(Recorded data)
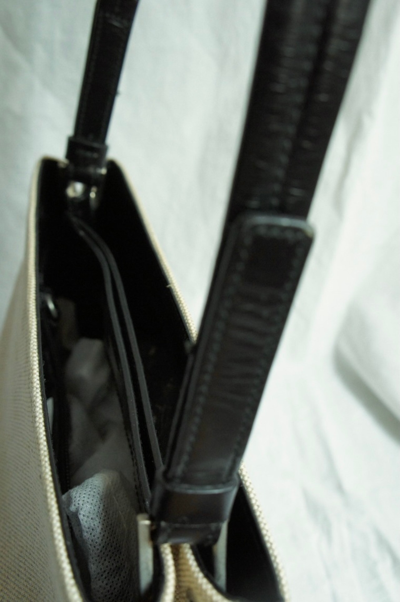 キャンバス地にブラックレザーがシックな印象のPRADAハンドバッグ!
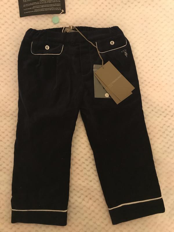 Нові брюки, купувала на yoox. Не на худеньку дівчинку. Довжина внутрішнього шва штанини 32 см, по талії 27, ззаду на поясі резинка, але не регулюється. Колір глибокий синій. На підкладці.Дуже гарні та стильні, написаний розмір 12-18 місяців, але орієнтуйтеся по замірах. Доньці вони якраз почали в 2 роки, але не по сезону.
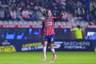 Pachuca, Hidalgo, 19 de octubre de 2025. Celeste Espino en festejo, durante el partido correspondiente a la jornada 16 del torneo Apertura 2025 de la Liga BBVA MX Femenil, entre las Tuzas del Pachuca y las Chivas Rayadas del Guadalajara, realizado en el estadio Hidalgo. Foto: Imago7/ Jacqueline Pedraza
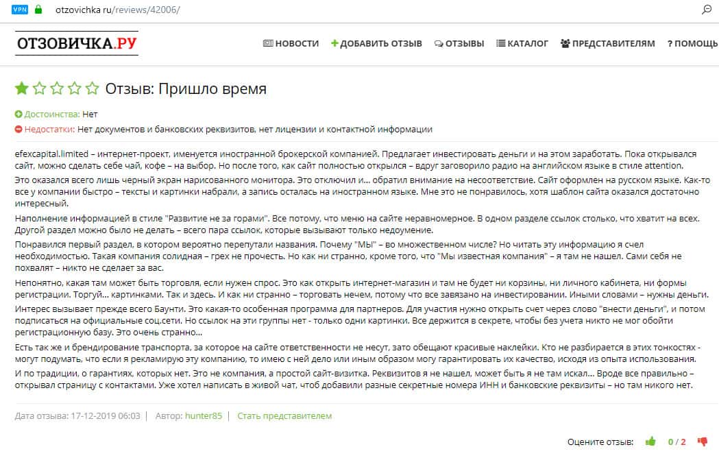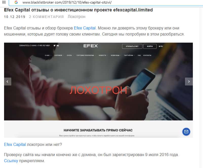 - Очередной веб-ресурс не советует торговать через кухню Эфекс Капитал
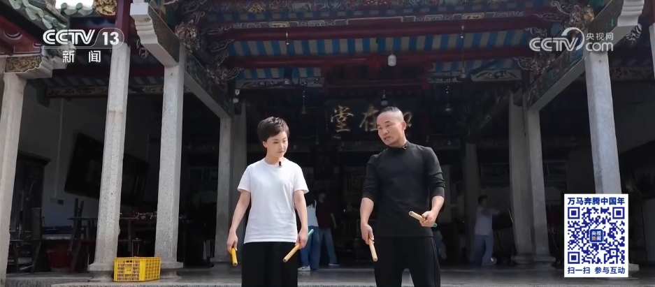 總臺記者趙宇昕找到了普寧富美青年英歌隊總教練李俊浩,趙宇昕說:“李教練,我是您失散多年的徒弟。我總是看您在英歌舞里面跳關(guān)勝那個角色,動作非常鼓舞人心,今天特意找您學(xué)一學(xué)英歌舞?!?/p>
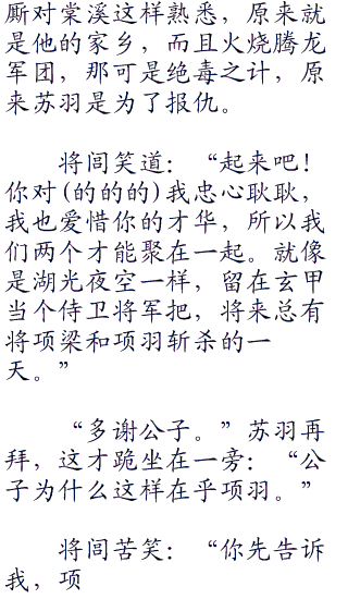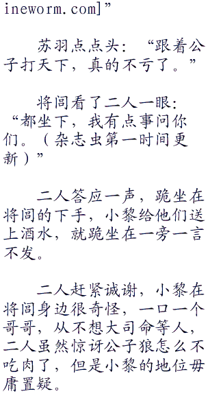 将闾笑道:“湖光和苏羽回来了。”小黎蹭的一下就从将闾身上窜了起来,快速帮将闾整理了一下衣袍,又低头整理了一下小裙子,这才面色如常的跪坐在将闾身边,捧起小几上的酒坛,给他在酒樽中填上美酒。
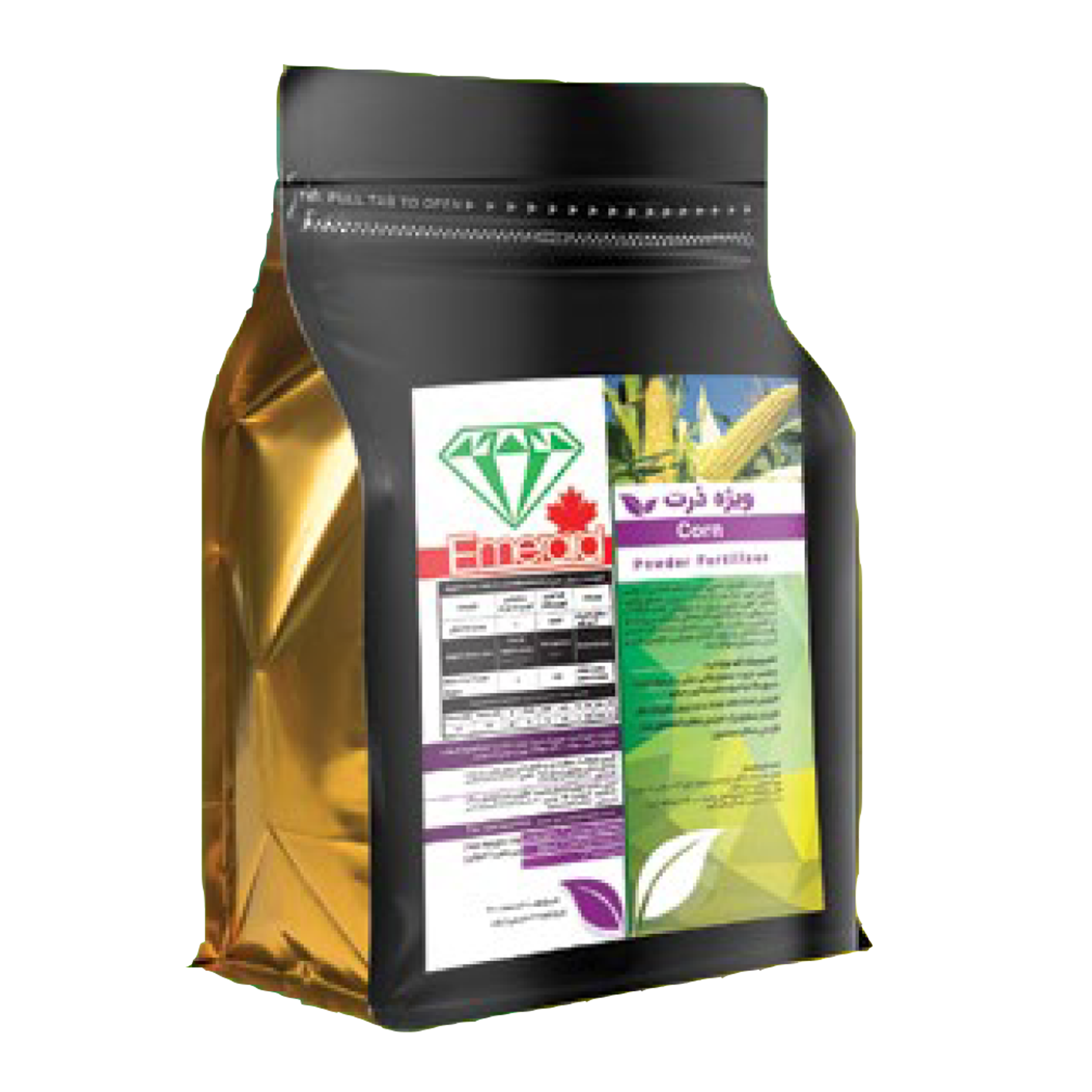 کود ذرت با فرمول خاص دارای درصد مناسبی از عناصر غذایی مورد نیاز ذرت از جمله نیتروژن، فسفر، پتاس، منگنز، آهن، مس و روی به فرم های کلات EDTA و سیدروفور به همراه اسید آمینه های مختلف میباشد.که در کمترین زمان و بالاترین راندمان، جذب گیاه شده و باعث شادابی و طراوت گیاه و همچنین افزایش کمی و کیفی محصول خواهد شد.
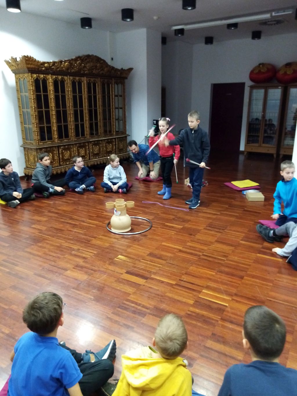 „Nudzę się!” – tak dzieci zazwyczaj reagują, gdy nie wiedzą co zrobić z wolnym czasem. Okazało się, że sporo prostych, a zarazem ciekawych sposobów na poradzenie sobie z nudą, znają pracownicy Muzeum Azji i Pacyfiku. 16 listopada 2022 r. właśnie w tym miejscu uczniowie klas trzecich poznawali azjatyckie gry i zabawy, które mogli od razu wypraktykować. Dowiedzieli się także o nich wiele interesujących rzeczy. Po ciekawych warsztatach uczniowie zwiedzili niezwykłe wystawy muzeum, które pokazywały kulturę Azji i Pacyfiku. Wizyta odbyła się w ramach programu „Kulturalna szkoła na Mazowszu”.
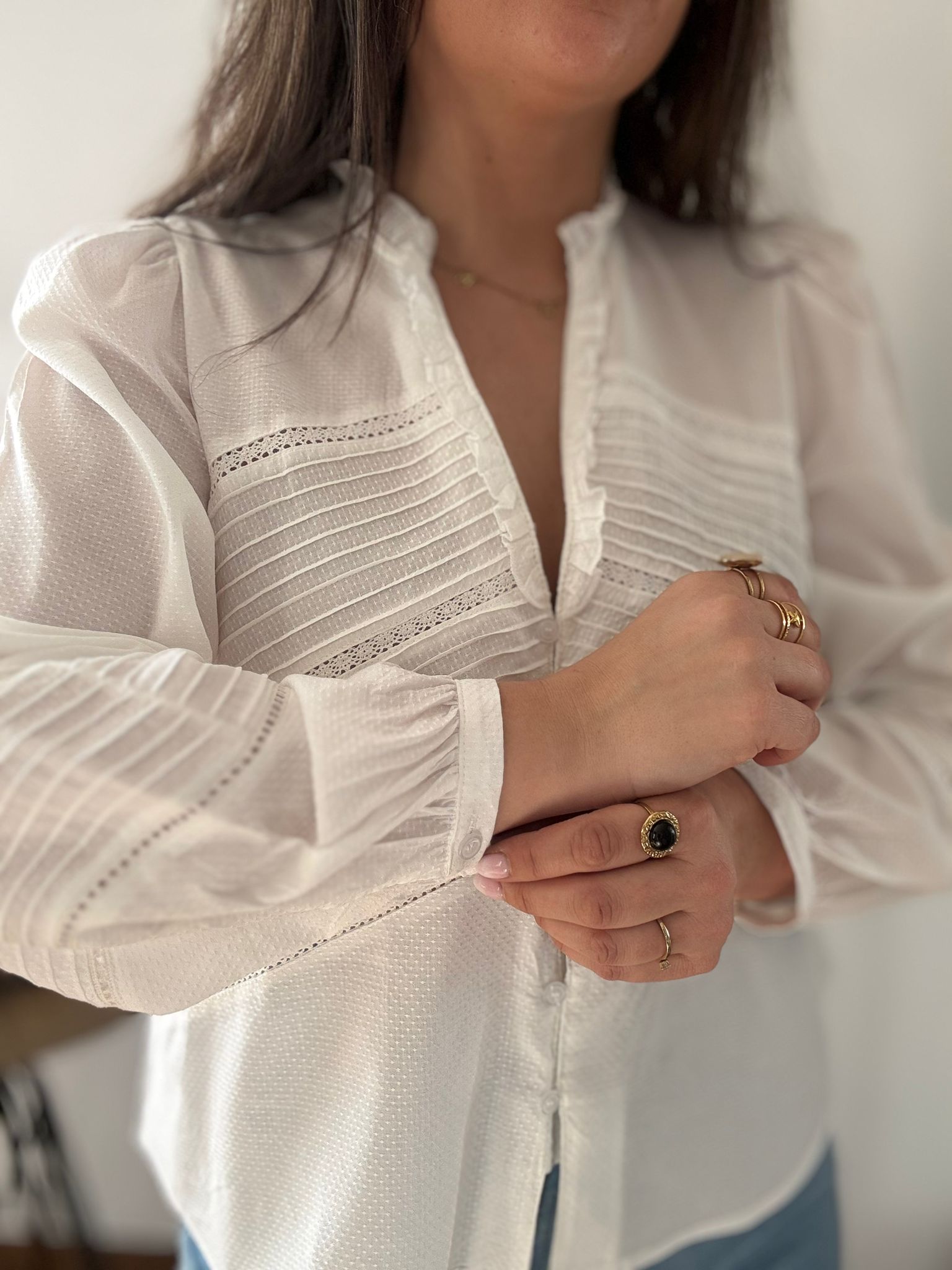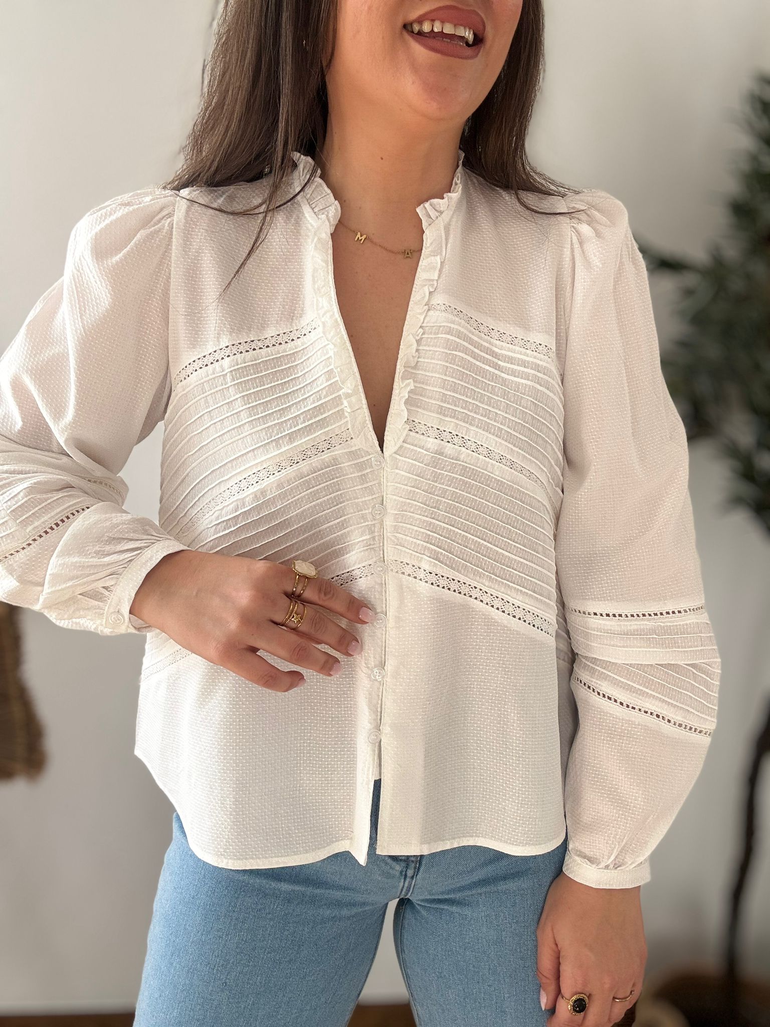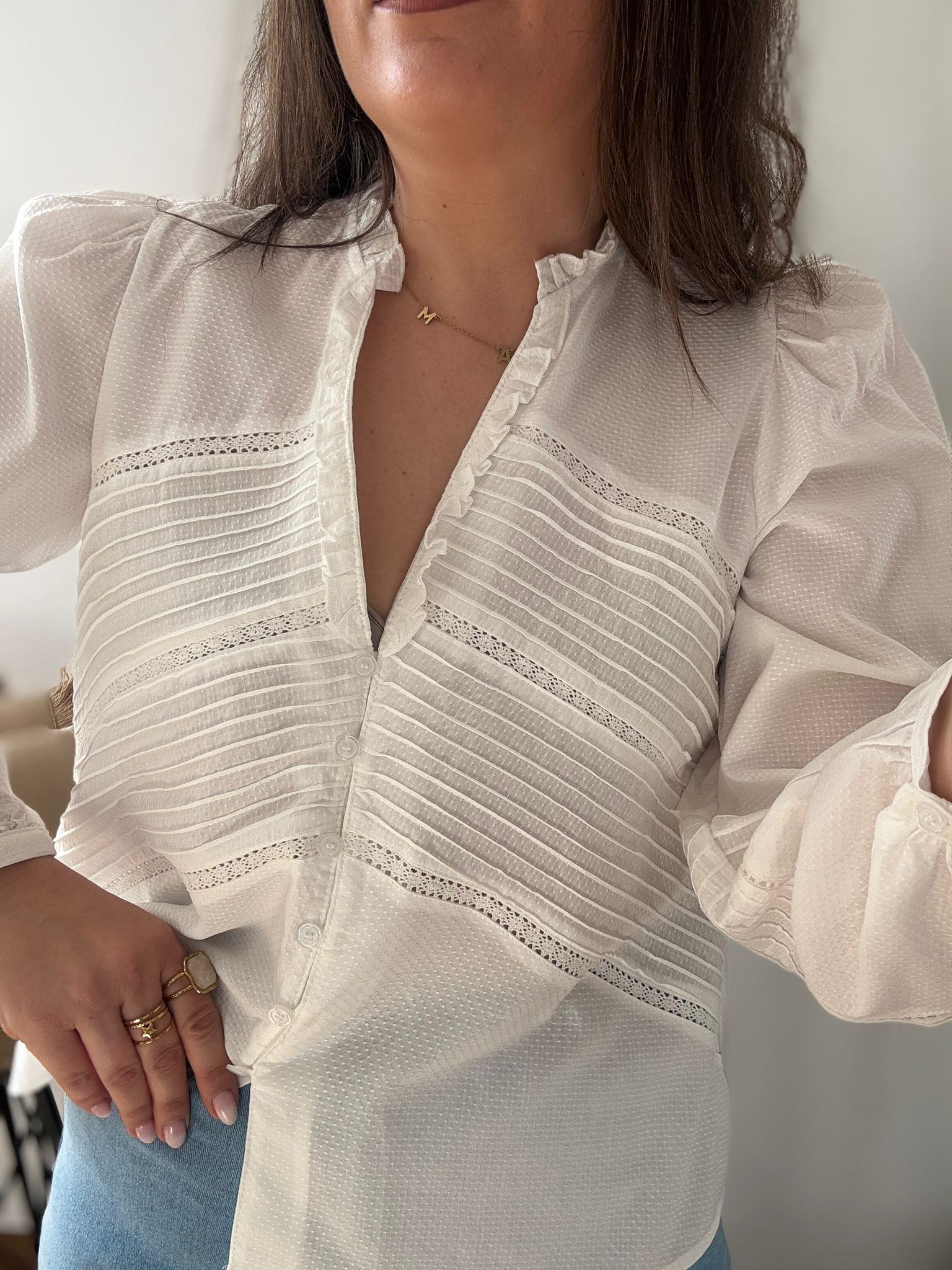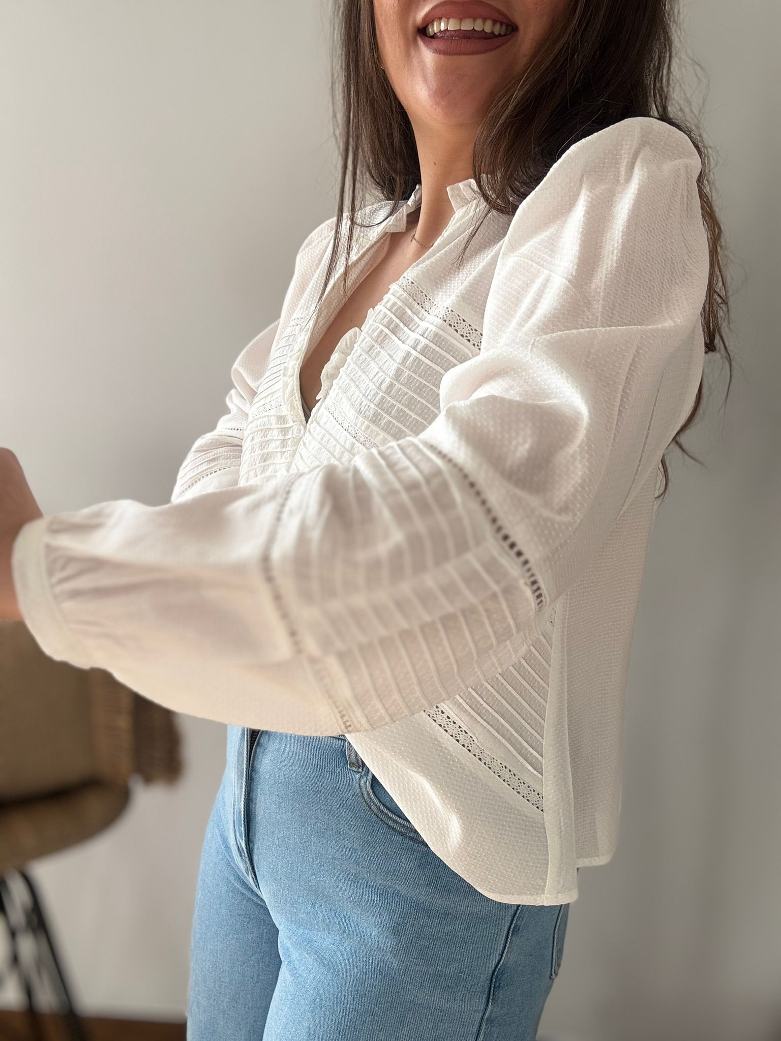 Camisa de estilo romántico con tejido de piqué y bordes calados y plisados. Ana lleva habitualmente talla L/40 y de este modelo ha escogido talla L. Medidas de contorno de pecho por tallas: S 100, M 106 y L 112cm
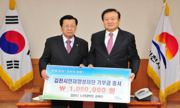 | 김천의 교육발전과 글로벌 인재육성을 위해 송복수 김천시 노인대학장이 김천시인재양성재단(이사장 박보생)에 장학기금 1백만원을 기탁했다고 전했다.
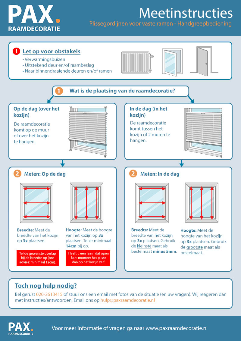 Het inmeten is simpel & eenvoudig. Bekijk de instructies hieronder. Meer technische informatie van dit product is te vinden onder het tabje "techische informatie". Deze inmeethandleidingen geldt ook voor dag-en-nacht plissegordijnen. Wij hebben twee handleidingen (type ramen):

**What the task requires**
Apart from the pictures, repeat every entry exactly.

**Response below**
 キャンバス地にブラックレザーがシックな印象のPRADAハンドバッグ!
 Нові брюки, купувала на yoox. Не на худеньку дівчинку. Довжина внутрішнього шва штанини 32 см, по талії 27, ззаду на поясі резинка, але не регулюється. Колір глибокий синій. На підкладці.Дуже гарні та стильні, написаний розмір 12-18 місяців, але орієнтуйтеся по замірах. Доньці вони якраз почали в 2 роки, але не по сезону.
 Pachuca, Hidalgo, 19 de octubre de 2025. Celeste Espino en festejo, durante el partido correspondiente a la jornada 16 del torneo Apertura 2025 de la Liga BBVA MX Femenil, entre las Tuzas del Pachuca y las Chivas Rayadas del Guadalajara, realizado en el estadio Hidalgo. Foto: Imago7/ Jacqueline Pedraza
 - Очередной веб-ресурс не советует торговать через кухню Эфекс Капитал
 總臺記者趙宇昕找到了普寧富美青年英歌隊總教練李俊浩,趙宇昕說:“李教練,我是您失散多年的徒弟。我總是看您在英歌舞里面跳關(guān)勝那個角色,動作非常鼓舞人心,今天特意找您學(xué)一學(xué)英歌舞?!?/p>
 将闾笑道:“湖光和苏羽回来了。”小黎蹭的一下就从将闾身上窜了起来,快速帮将闾整理了一下衣袍,又低头整理了一下小裙子,这才面色如常的跪坐在将闾身边,捧起小几上的酒坛,给他在酒樽中填上美酒。
 کود ذرت با فرمول خاص دارای درصد مناسبی از عناصر غذایی مورد نیاز ذرت از جمله نیتروژن، فسفر، پتاس، منگنز، آهن، مس و روی به فرم های کلات EDTA و سیدروفور به همراه اسید آمینه های مختلف میباشد.که در کمترین زمان و بالاترین راندمان، جذب گیاه شده و باعث شادابی و طراوت گیاه و همچنین افزایش کمی و کیفی محصول خواهد شد.
 „Nudzę się!” – tak dzieci zazwyczaj reagują, gdy nie wiedzą co zrobić z wolnym czasem. Okazało się, że sporo prostych, a zarazem ciekawych sposobów na poradzenie sobie z nudą, znają pracownicy Muzeum Azji i Pacyfiku. 16 listopada 2022 r. właśnie w tym miejscu uczniowie klas trzecich poznawali azjatyckie gry i zabawy, które mogli od razu wypraktykować. Dowiedzieli się także o nich wiele interesujących rzeczy. Po ciekawych warsztatach uczniowie zwiedzili niezwykłe wystawy muzeum, które pokazywały kulturę Azji i Pacyfiku. Wizyta odbyła się w ramach programu „Kulturalna szkoła na Mazowszu”.
 Camisa de estilo romántico con tejido de piqué y bordes calados y plisados. Ana lleva habitualmente talla L/40 y de este modelo ha escogido talla L. Medidas de contorno de pecho por tallas: S 100, M 106 y L 112cm
 | 김천의 교육발전과 글로벌 인재육성을 위해 송복수 김천시 노인대학장이 김천시인재양성재단(이사장 박보생)에 장학기금 1백만원을 기탁했다고 전했다.
 Het inmeten is simpel & eenvoudig. Bekijk de instructies hieronder. Meer technische informatie van dit product is te vinden onder het tabje "techische informatie". Deze inmeethandleidingen geldt ook voor dag-en-nacht plissegordijnen. Wij hebben twee handleidingen (type ramen):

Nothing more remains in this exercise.